The ‘Google Co-Scientist‘ has attracted a lot of attention since being published only a short time ago. Here I would like to add a few comments to put this work into context.

Firstly: I love tech, I love science, I love progress!

Secondly: This is precisely why I write this post (to make sure the combination of tech and science really contributes to drug discovery as much as possible in the future).

Brief summary of methods

  • This is an agentic system, fine, the proof of the pudding lies in the eating (… and the ingredients, and whether you can actually make a pudding out of them, we will get back to that topic of life science data later)
  • Accuracy was assessed as follows: ‘Seven domain experts curated 15 open research goals and best guess solutions in their field of expertise’, and the AI Co-Scientist was compared to other methods. The authors found that increasing accuracy was overall related to Elo rating, which is part of a plausible technical validation of the system. (Caveat though, the solutions on which accuracy was assessed were apparently available at time of model training, hence see also ‘Pretraining on the Test Set Is All You Need‘ for possible problems with that)
  • Elo rating is increasing with ‘time in computation’, which one would probably expect
  • In various ranking/rating schemes the ‘AI co-scientist’ comes out best (as usual in publications, given selection bias). Technical validation was hence presented as successful

Comments on scientific validation

Three validations in the life science domain (‘scientific validations’) were conducted, termed by the authors ‘drug repurposing’, ‘novel treatment target discovery’ and ‘explain mechanism of gene transfer evolution’.

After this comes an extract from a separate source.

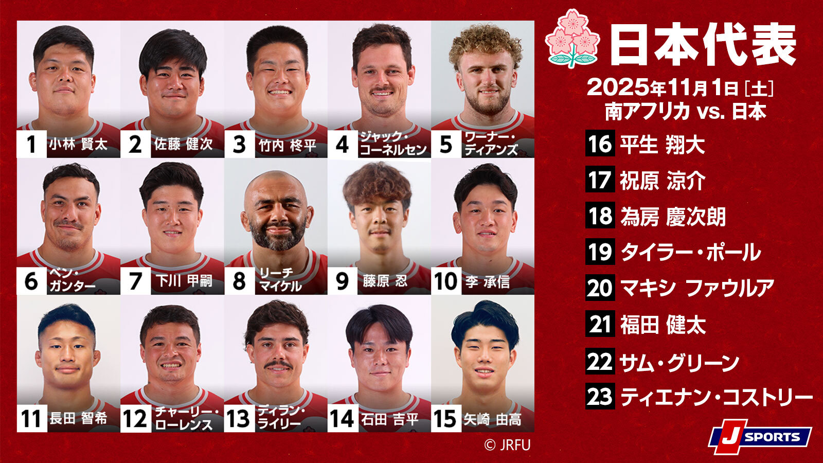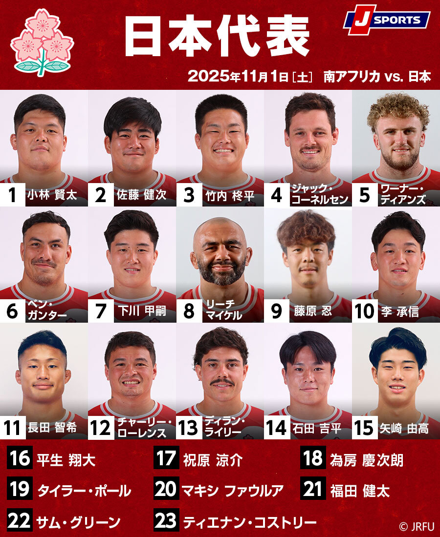 発表されたメンバーは10月25日のオーストラリア代表戦の23名のメンバーから2名の変更のみ。HO江良颯、CTB中野将伍が負傷で離脱したため、リザーブからHO佐藤健次、CTBチャーリー・ローレンスが先発に上がり、リザーブにはHO平生翔大、NO8マキシ ファウルアが入った。東京サントリーサンゴリアスの平生翔大は23歳。出場すれば初キャップ獲得となる。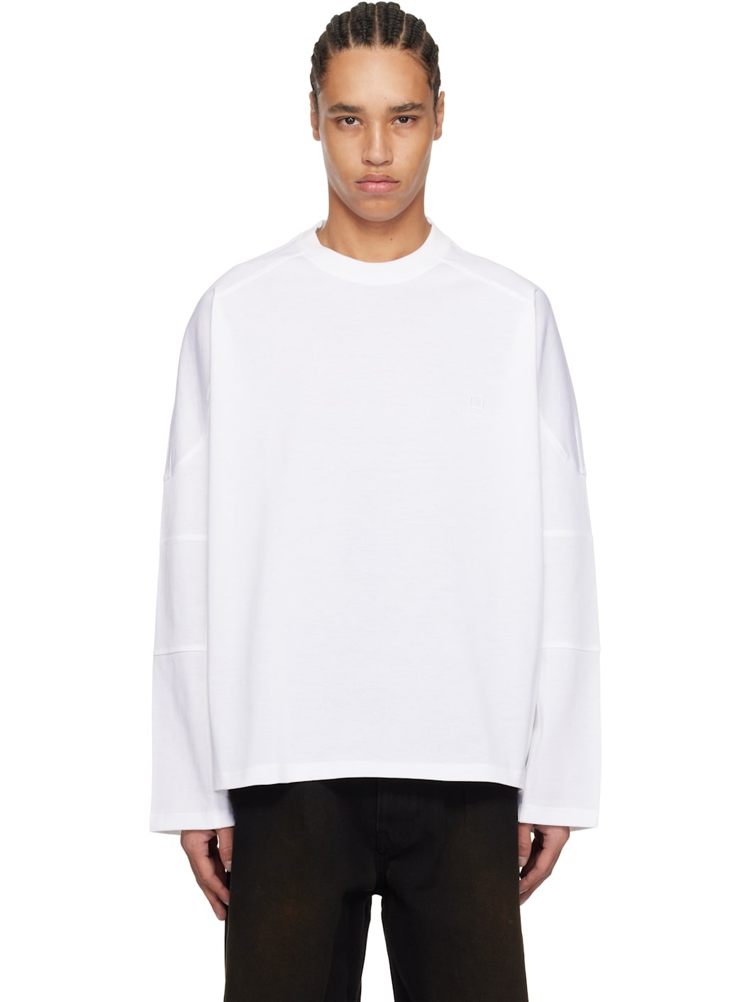 White Shoulder Cut Long Sleeve T-shirt

Unfortunately, these validations contain mismatches between the wordings chosen for claims and the experiments and data presented supporting said claims. I will explain as follows:

In the section ‘Drug repurposing for acute myeloid leukaemia’ the validation is summarized as ‘Notably, the AI co-scientist proposed novel repurposing candidates for acute myeloid leukemia (AML). Subsequent experiments validated these proposals, confirming that the suggested drugs inhibit tumor viability at clinically relevant concentrations in multiple AML cell lines.’ However, when looking at the experiment that has been conducted, the validation is conducted in AML cell lines, so there is no validation regarding tumor viability whatsoever, as the headline suggests. How about ability to permeate the tumor, considering tumour heterogeneity, resistance, tumor-microenvironment (TME) interactions, and so on? One would need to conduct at least in vivo (or, as a somewhat plausible proxy, e.g. organoid) experiments to come to the conclusion given by the authors. Furtermore, when it comes to compound selection, in the full paper the authors state that ‘Notably, Binimetinib, which is already approved for the treatment of metastatic melanoma, exhibited an IC50 as low as 7 nM in AML cell lines’. Given that the compound has been reported before (see PubChem entry) to be active at the single-digit nanomolar level, in very related biological systems, it is somewhat unclear what is ‘notable’ about this fact.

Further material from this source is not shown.